Speaking during a visit to Singapore, Kallas said that she was “very sad” some member nations think they can postpone an investment pledge to spend a minimum 2% of gross domestic product on defense by next year. She supports lifting the floor to 2.5% of GDP to achieve a security posture that wouldn’t only serve as an appropriate deterrence, but also demonstrate NATO’s commitment to the US ahead of divisive presidential election in 2024.

“Not all countries take this seriously enough,” she said during an interview on the sidelines of a tech conference in the city-state. “It is very important for the European defense still to show to the Americans that we are doing everything because who knows what happens after the presidential elections.”

She joins a chorus of voices in Europe increasingly concerned over the need to address defense supply shortages as they continue to fuel the Ukrainian side of a war that is showing no signs of easing.

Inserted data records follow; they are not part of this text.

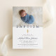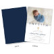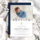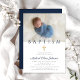 Navy Blue Religious Cross Boy Baptism Photo Invitation
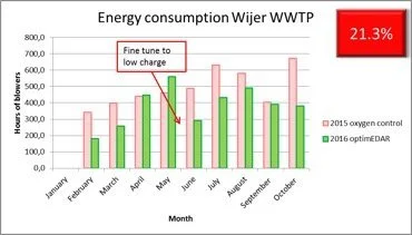 Data from the Wijer wastewater treatment plant in Belgium is shown in Figure 1. Management at this facility implemented dissolved oxygen sensors to enable sensor-controlled aeration of the active sludge treatment step instead of following a time-controlled regime. Whenever dissolved oxygen levels dropped below a certain threshold value, the blowers were started to increase the amount of oxygen for the bacterial treatment process. As a result, the number of blower hours necessary to adequately aerate the treatment process could be reduced significantly, leading to a savings of more than 20 percent in energy costs. The aeration in the activated sludge process can be responsible for up to 60 percent of the total plant energy consumption (Source: EPA.gov). The energy savings that can be achieved by improved DO control depends on the plant loading characteristics, plant configuration, and the level of instrumentation.
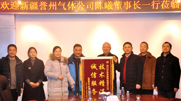 誉州气体给我公司送锦旗:手艺精湛,诚信效劳
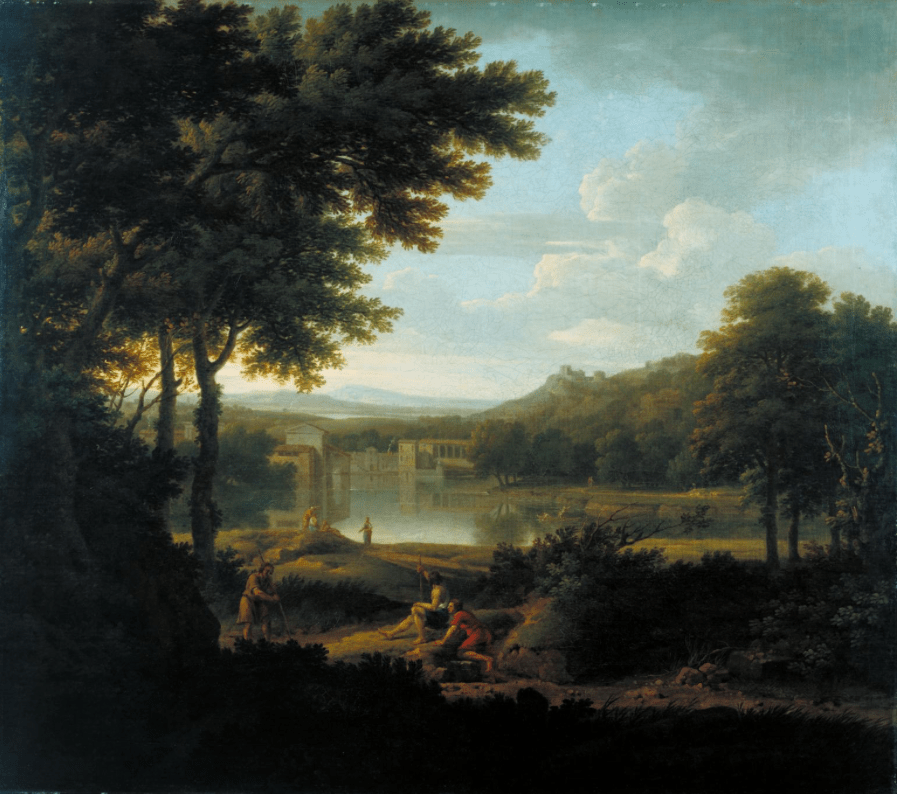This is a purely imagined scene. Lambert never visited Italy but practiced the style of Italian classical landscape painting. Scenes like this were often used as fixed decoration in houses. Again, depicted is an idyllic scene with careful consideration to composition with the gentle light illuminating the two figures in the foreground and reflected on the lake. The colour palette is muted with a little red to draw the eye in.

Both Moscow and Kyiv are reporting widespread fighting along the front lines as anticipation mounts for Kyiv’s long-planned counteroffensive. 

Ukraine on Tuesday accused Russian forces of blowing up a giant dam in the south, unleashing a torrent of floodwater, threatening residents and complicating the battle.

NATO Secretary General Jens Stoltenberg said in an interview in Oslo this month that allies need to sign more contracts with defense companies to boost production given their ammunition stocks are running dry. The alliance may agree as soon as this summer to spend at least 2% of GDP on defense, a slight shift from a 10-year-old pledge to “move toward the 2% guideline.”